Tribune News Service photo

Sushi Bowl

1 (14-ounce) package extra-firm tofu, rinsed

3 tablespoons soy sauce, divided, plus more for serving

1 cucumber, peeled, seeded and sliced into half-moons

1 avocado, pitted, peeled and cubed

1 carrot, peeled and shredded

2 scallions, trimmed and finely chopped

1/4 teaspoon salt

2 tablespoon rice vinegar

2 teaspoons sesame oil

1 tablespoon mild red or yellow miso paste

3 cups cooked rice (white, brown, sushi or a combo)

1 (0.7-ounce) package crisp seaweed

Preheat oven to 425 F.

Slice the tofu into 1/2-inch thick slabs. Set slabs on a baking sheet lined with a clean kitchen towel. Cover with a second towel. Weight with another baking sheet. Let drain for 15 minutes.

In a large bowl, toss together the cucumber, avocado, carrot and scallion. Season with the salt, vinegar, sesame oil and 1 tablespoon of the soy sauce.

Whisk together the miso into 2 tablespoons of the soy sauce.

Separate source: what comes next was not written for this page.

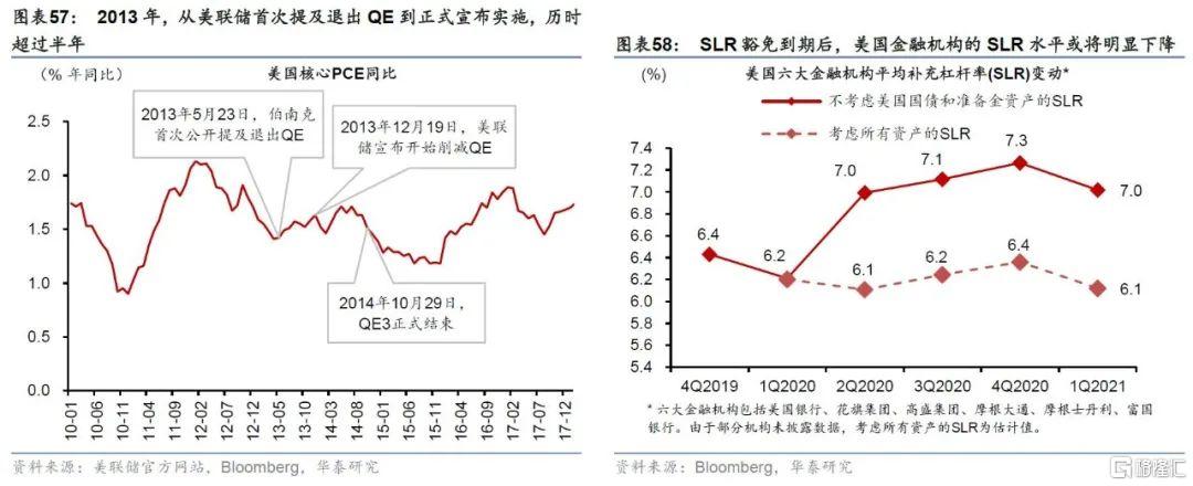 美联储大概率在2021年9月的FOMC会议上首次提及削减QE体量。鉴于这次新冠疫情引起的衰退幅度较大,且“供需错配”的情形短期较为突出,我们预计美联储削减QE(及以后加息)的决定会更加谨慎(图表57)。我们预计联储可能在9月FOMC会议上第一次传递缩减QE体量的信号,主要考虑以下几点:1)通胀的“基数”因素将在7月后消退,如果通胀仍有粘性,核心PCE仍将持续超出联储预期;2)三项联邦失业救济将于9月6日过期,包括覆盖没有资格获得普通失业救助的就业者的疫情失业补助(Pandemic Unemployment Assistance,PUA)、覆盖失业至少6个月的居民的疫情紧急失业补偿(Pandemic Emergency Unemployment Compensation ,PEUC)、以及每周300美元的普通失业救助。根据美国劳工部的数据,前两项救助申领者(在普通失业救助以外)有1000万人以上,届时会更有动力寻找工作,或将推动失业率进一步下行;3)2021年9月议息会议将第一次引入对2024年增长和通胀的各项预测,届时如果核心通胀预测仍然超过2%,核心PCE将连续4年超过联储2%的通胀目标,联储“双政策目标”的框架可能会受到严重挑战;4)2021年3月,联储宣布2020年4月推出的SLR考核豁免到期,即存款机构在计算SLR时需重新计入美国国债和准备金,这将推升存款机构的一级资本要求,压低其增持美国国债的空间(图表58)。

Cube drained tofu and toss with soy/miso sauce. Spread out on an oiled baking sheet. Roast in preheated oven, stirring once, for 20 minutes.

Add the rice, roasted tofu and seaweed to bowl with vegetables. Toss. Add a little more soy, if you like. Serve at room temperature.

Makes 3 servings.

Posted in Uncategorized | Leave a comment

Grill butterflied or spatchcocked bird in a hurry

Grill recipes calling for thinner cuts and delicate proteins, such as fish or seafood, are the main course in this week’s A la Carte.

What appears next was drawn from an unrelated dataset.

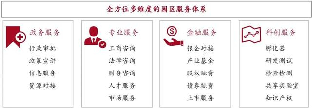 (2)专业服务领域更广、服务质量更高:围绕企业和人才需求,园区搭建综合性的专业服务平台,为企业提供财税、法律、工商咨询、人力资源、市场营销等企业经营管理的相关服务。为了提高服务的专业性,通常会引入第三方专业服务机构来提供上述支撑性服务。

Quickly caramelizing a tender cut of meat, piece of produce or underripe fruit has lost none of its luster, despite our family’s purchase of a pellet smoker several summers back. The smoker is ideal for hands-off, outdoor cooking of foods that need time to roast and render. But the planning it requires has become a stumbling block on more than one occasion.

Although the smoker produced the best turkey my husband and I have ever tasted, it required a good hour of cooking time beyond what we had estimated. Worth the wait on a quiet evening at home once the kids are in bed, but not so practical when we have hungry mouths to feed or dinner guests arriving at an appointed time. I’ve found myself on more than one occasion cranking the smoker up 100 degrees to put the rush on a roast chicken.

There is a technique that speeds poultry along considerably and promotes even doneness of both light and dark meat. Spatchcocking also could be termed “butterflying,” essentially cutting meat laterally so it will lie flat on a cooking surface. In the case of chicken and other small poultry, this requires snipping through the backbone and ribs — easiest with sharp kitchen shears — and then a bit of muscle to press down and widen out the chicken’s surface area.

More precise instructions follow in this recipe from Tribune News Service. Its sophisticated flavor profile calls for fig jam, which I always keep on hand but usually struggle to use up once a jar’s been opened. With the season for fresh figs still months in the making, plums could be a nice substitute here.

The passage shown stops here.